Vendor Management: The Pros and Cons of a Vendor Relationship Management Program

September 15, 2021 0 Comments

Supplier relationship management (or SRM) programs are designed to create a closer working partnership with your critical and strategic suppliers. This should result in better value for both organizations. However, opinions are mixed on whether the benefits outweigh the potential risks.

Arguments for SRM

– Eliminates waste and barriers to effective service. The contracts state what has been agreed between the buyer and the seller in terms of what will be delivered and for what price. In practice, waste can be generated due to inefficiencies in the way the processes, systems and ways of working of the two parties are put together. An SRM program can identify these sources of waste and eliminate them, creating lower costs and better service.

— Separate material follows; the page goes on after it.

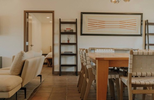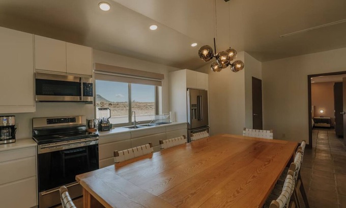 Discover the pinnacle of refined comfort in our spacious 4BR/4BA retreat, perfectly set apart from The Field. Experience the air, light, and colors of the Chihuahuan Desert sky with stunning mountain views from every corner. Enjoy natural comfort inside our modern-styled living room, full kitchen, and expansive outdoor area. The unique design perfectly captures the spirit of the American West. Immerse yourself in breathtaking desert light and landscape in this one-of-a-kind haven.

– Generates mutual dependence. If both parties value the benefits they derive from the relationship created by their SRM program, then they have an expectation that the relationship will last. This means that in times of scarcity, your organization is unlikely to be affected by the need for the supplier to ration its production.

– Encourages investment. If the critical and strategic vendors in your SRM program see that you create value for them and that the business relationship is likely to be long, then they are more likely to make investments that increase your capacity and ability to deliver what you need.

– Motivates providers to go the extra mile. Conflicting supplier relationships in which all problems are seen as belonging to the supplier create disillusionment and disinterest in them and result in a lack of motivation. SRM programs create shared responsibility and this equity translates into motivated providers who go out of their way to help you.

Arguments against SRM

– Create barriers to exit. Long-term dependency relationships with key vendors (for example, investing in shared IT systems) can create a barrier to switching vendors. The risk is that new entrants to the market will be discouraged and innovation from other vendors may be lost.

– Makes it difficult to test the market. It is financially healthy to test current prices and sourcing solutions from time to time with the alternatives. If your SRM program has indeed created a tailored solution, you may not be able to find a comparable alternative to test if you are still getting value for money.

– May result in complacency. A long-term relationship with key suppliers can make both parties overly familiar with each other. The result of this can be an acceptance of the status quo in ways of working with new ideas that are running out.

– Need to select the right provider the first time. Obviously, if you are going to enter into a long-term relationship with a supplier and implement SRM, it is vitally important that you make this selection with the correct criteria, as it will be increasingly difficult to switch suppliers if a better one emerges later on. Treat your choice of SRM providers as if you were going to marry them. Easy to do, but with dire consequences later if the choice was wrong!